*** MATERIAL FOR THE TASK Section Begins ***

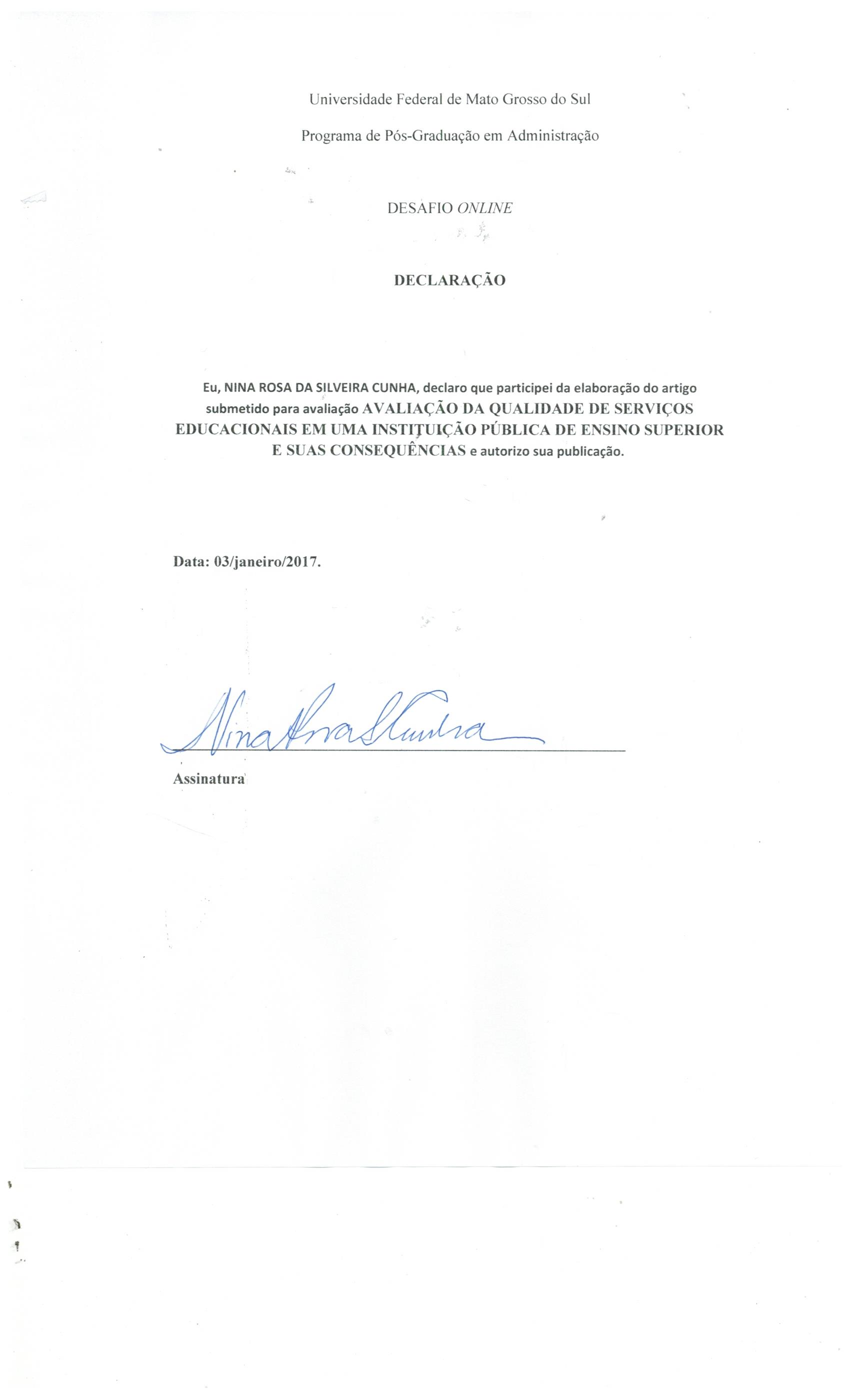 AVALIAÇÃO DA QUALIDADE DE SERVIÇOS EDUCACIONAIS EM UMA INSTITUIÇÃO PÚBLICA DE ENSINO SUPERIOR E SUAS CONSEQUÊNCIAS
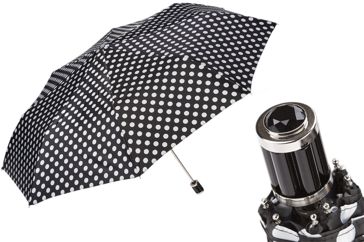 Pasotti Black and White Polka Dots Folding Umbrella
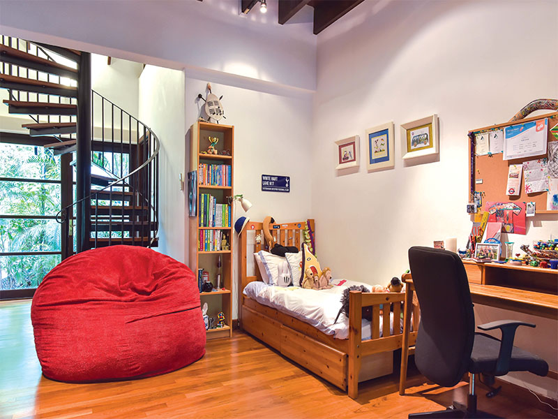 The Joneses had very specific requirements when they began to search for their home on the island. Claire recalls, “We wanted to find a home here that simulated our lifestyle in South Africa – doors open all the time, kids in and out of the garden, and a thoroughfare of animals. Finding that in Singapore, with a garden big enough for us, was hard.”
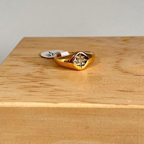 Gold Starburst Star Signet Ring Minimalist Stainless Steel
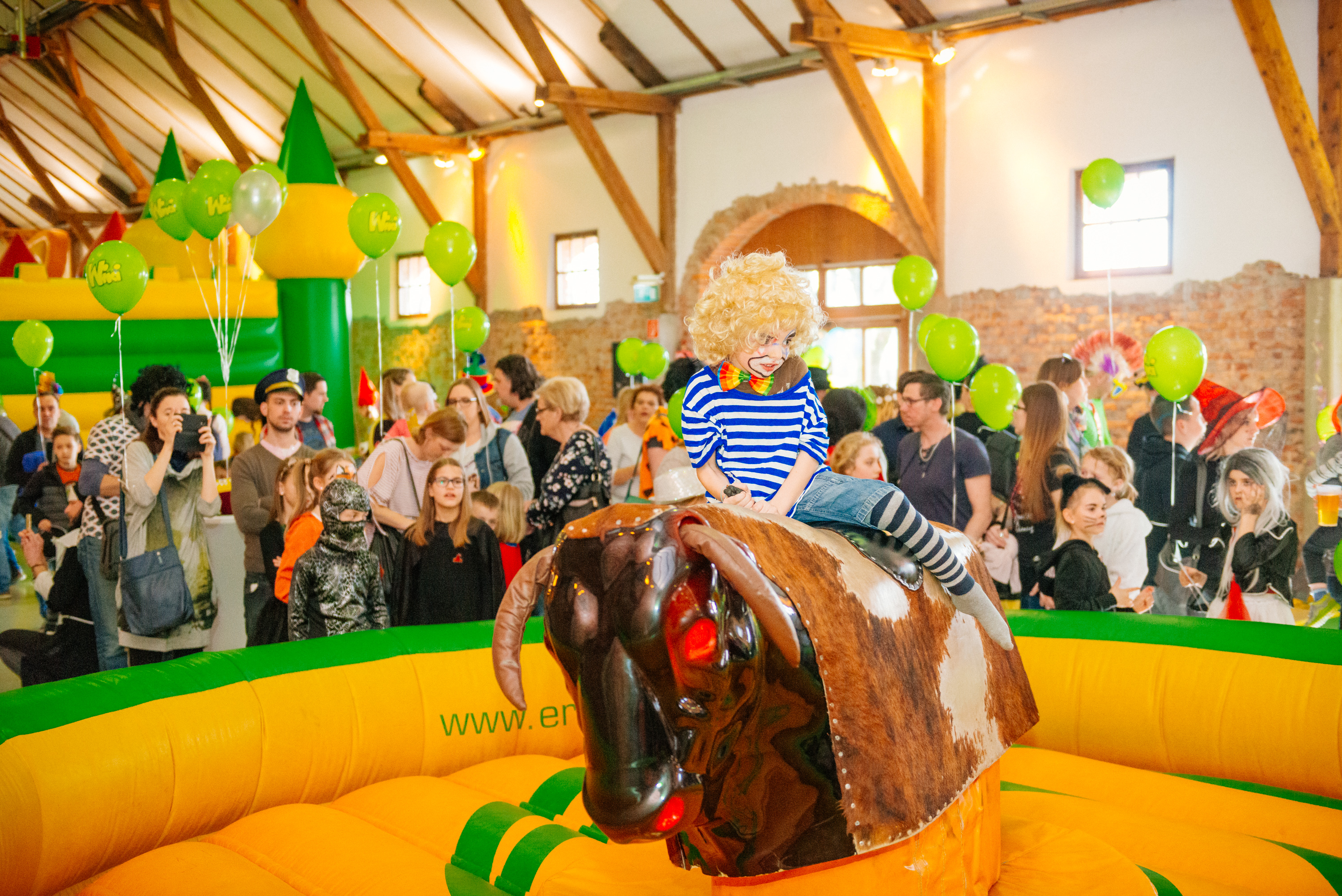 Seit mehr als 20 Jahren veranstaltet WIKI den WIKI-Erlebnisfasching, der heuer zum ersten Mal in der Grazer Seifenfabrik stattfindet – einer Location, die durch ihre Größe tolle Möglichkeiten für Indoor-Aktivitäten für zahlreiche Gäste bietet. Bereits Minuten nach dem Einlass ist klar: Das wird heute ein richtig großes Fest, denn die Hallen brummen bereits. Innerhalb kürzester Zeit werden die Spiel- und Mitmachstationen schon eifrig genutzt: In einer weiteren Halle sorgen eine Torschuss- und eine Kletterwand für Action, während die Station mit Bobbycars und Reittieren von den kleineren Gästen befahren wird. In der Markthalle werden bereits die ersten Hot Dogs und Pommes verspeist und Popcorn, Zuckerwatte und Krapfen warten auch schon auf hungrige kleine Faschingsgäste. Es dauert nicht lange, bis auch im Elterncorner die ersten Füße hochgelegt werden – das Leistungselixier von Dr. Böhm für müde Eltern findet dort bereits reißenden Absatz, aber das tut der Energie der Kleinen natürlich keinen Abbruch. In der großen Fachwerkhalle werden die Hüpfburgen behüpft, dass die Wände wackeln. Und auch der Rodeobulle dreht seine ersten Runden, während die Omis von Omi’s Apfelstrudel gemeinsam mit kleinen Prinzessinnen, Cowboys und Indianern die ersten Kekse verzieren und der Kids-DJ die besten Kinderhits auflegt und beim KNAX-Gewinnspiel ein Tresor geknackt wird. Dazu kommen noch Basteln, Dosenschießen, Minigolf, Eishockey mit den 99ers, Kinderschminken, Ballontiere, Geschicklichkeitsparcours und eine Foto Booth für die schönsten Erinnerungen an die tolle Faschingsparty.

*** MATERIAL FOR THE TASK Section Ends ***

EXERCISE DESCRIPTION >> Output the whole listing exactly. Pictures stay out.

WRITTEN RESPONSE >>
 AVALIAÇÃO DA QUALIDADE DE SERVIÇOS EDUCACIONAIS EM UMA INSTITUIÇÃO PÚBLICA DE ENSINO SUPERIOR E SUAS CONSEQUÊNCIAS
 Pasotti Black and White Polka Dots Folding Umbrella
 The Joneses had very specific requirements when they began to search for their home on the island. Claire recalls, “We wanted to find a home here that simulated our lifestyle in South Africa – doors open all the time, kids in and out of the garden, and a thoroughfare of animals. Finding that in Singapore, with a garden big enough for us, was hard.”
 Gold Starburst Star Signet Ring Minimalist Stainless Steel
 Seit mehr als 20 Jahren veranstaltet WIKI den WIKI-Erlebnisfasching, der heuer zum ersten Mal in der Grazer Seifenfabrik stattfindet – einer Location, die durch ihre Größe tolle Möglichkeiten für Indoor-Aktivitäten für zahlreiche Gäste bietet. Bereits Minuten nach dem Einlass ist klar: Das wird heute ein richtig großes Fest, denn die Hallen brummen bereits. Innerhalb kürzester Zeit werden die Spiel- und Mitmachstationen schon eifrig genutzt: In einer weiteren Halle sorgen eine Torschuss- und eine Kletterwand für Action, während die Station mit Bobbycars und Reittieren von den kleineren Gästen befahren wird. In der Markthalle werden bereits die ersten Hot Dogs und Pommes verspeist und Popcorn, Zuckerwatte und Krapfen warten auch schon auf hungrige kleine Faschingsgäste. Es dauert nicht lange, bis auch im Elterncorner die ersten Füße hochgelegt werden – das Leistungselixier von Dr. Böhm für müde Eltern findet dort bereits reißenden Absatz, aber das tut der Energie der Kleinen natürlich keinen Abbruch. In der großen Fachwerkhalle werden die Hüpfburgen behüpft, dass die Wände wackeln. Und auch der Rodeobulle dreht seine ersten Runden, während die Omis von Omi’s Apfelstrudel gemeinsam mit kleinen Prinzessinnen, Cowboys und Indianern die ersten Kekse verzieren und der Kids-DJ die besten Kinderhits auflegt und beim KNAX-Gewinnspiel ein Tresor geknackt wird. Dazu kommen noch Basteln, Dosenschießen, Minigolf, Eishockey mit den 99ers, Kinderschminken, Ballontiere, Geschicklichkeitsparcours und eine Foto Booth für die schönsten Erinnerungen an die tolle Faschingsparty.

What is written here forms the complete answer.